But defense officials with knowledge of the program said that contractors themselves regarded the contract as permission to spy. Several weeks ago, one of the contractors reported on Taliban militants massing near American military bases east of Kandahar. Not long afterward, Apache gunships arrived at the scene to disperse and kill the militants.

The web of private businesses working under the Lockheed contract include Strategic Influence Alternatives, American International Security Corporation and International Media Ventures, a communications company based in St. Petersburg, Fla., with Czech ownership.

One of the companies employs a network of Americans, Afghans and Pakistanis run by Duane Clarridge, a C.I.A. veteran who became famous for his role in the Iran-Contra scandal. Mr. Clarridge declined to be interviewed.
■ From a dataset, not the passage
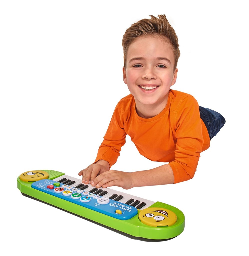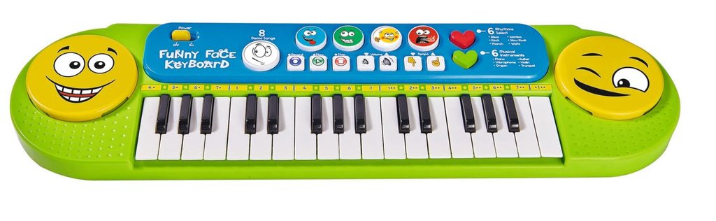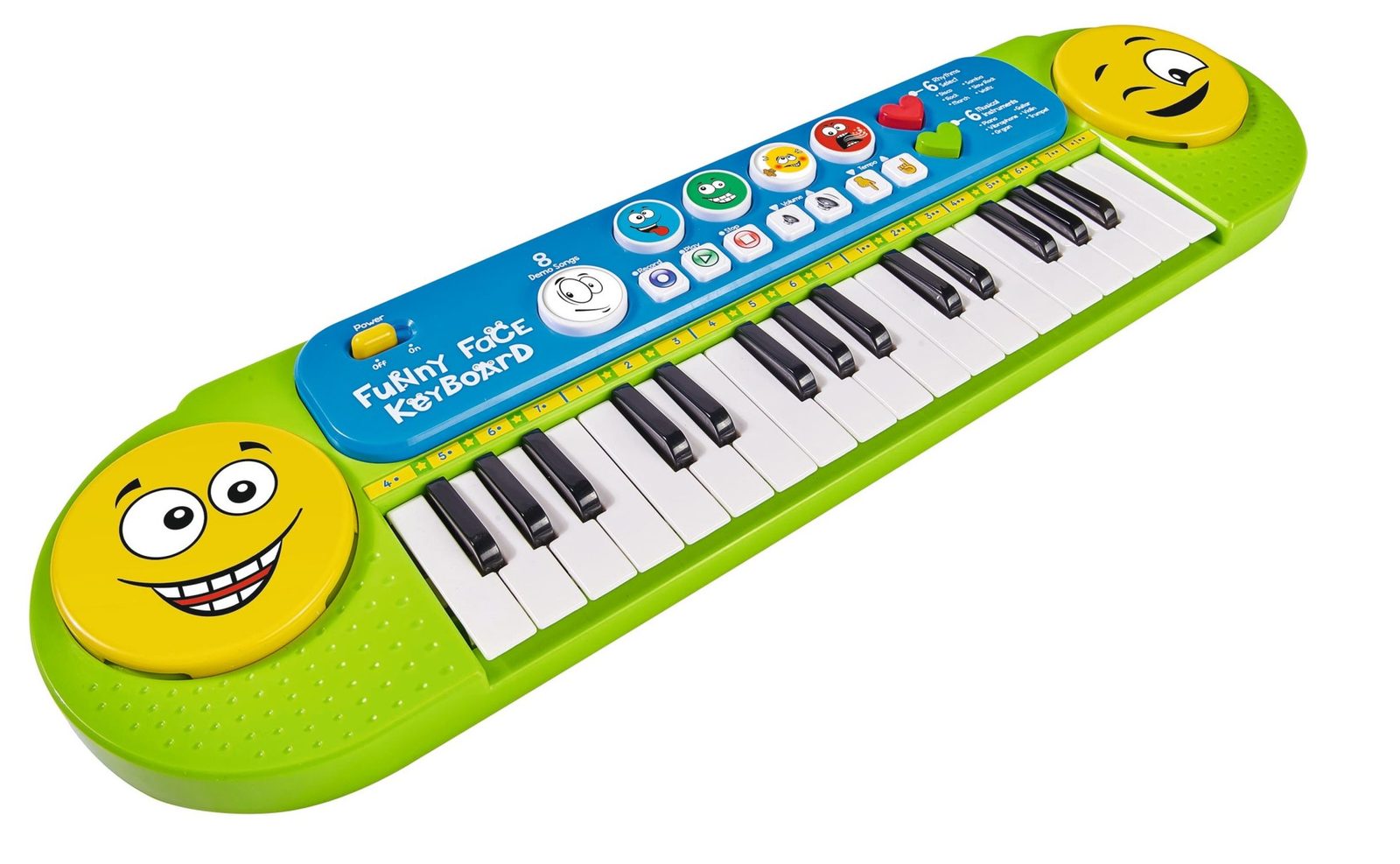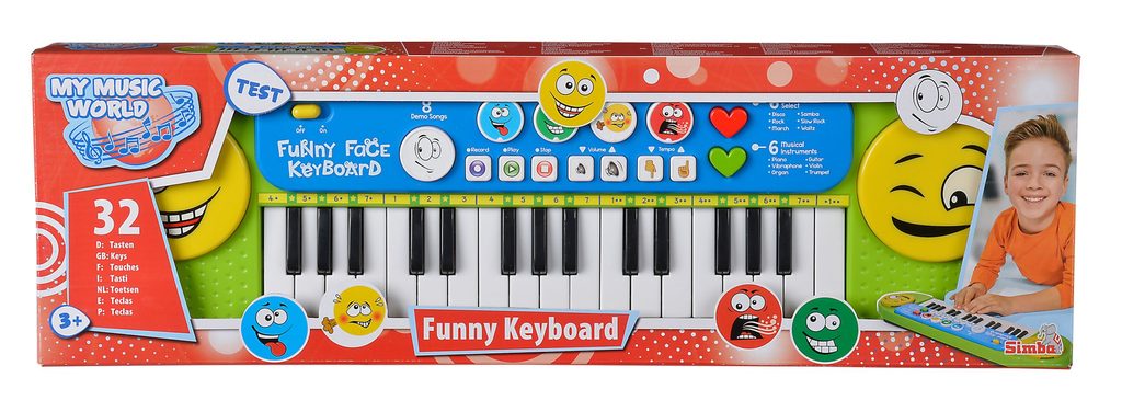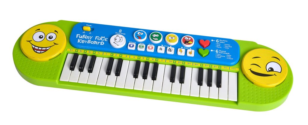 Dětské, funny klávesy mají 32 kláves, 8 demo melodií, 6 rytmů a 4 legrační zvuky. Velikost 51 x 14 cm.

The Times is withholding some information about the contractor network, including some of the names of agents working in Afghanistan and Pakistan.

A spokesman for Lockheed said that no Pentagon officials had raised any concerns about the work.

“We believe our subcontractors are effectively performing the work required of them under the terms of this task order,” said Tom Casey, the spokesman. “We’ve not received any information indicating otherwise.” Lockheed is not involved in the information gathering, but rather administers the contract.

The specifics of the investigation into Mr. Furlong are unclear. Pentagon officials have said that the Defense Department’s inspector general is examining possible contract fraud and financial mismanagement dating from last year.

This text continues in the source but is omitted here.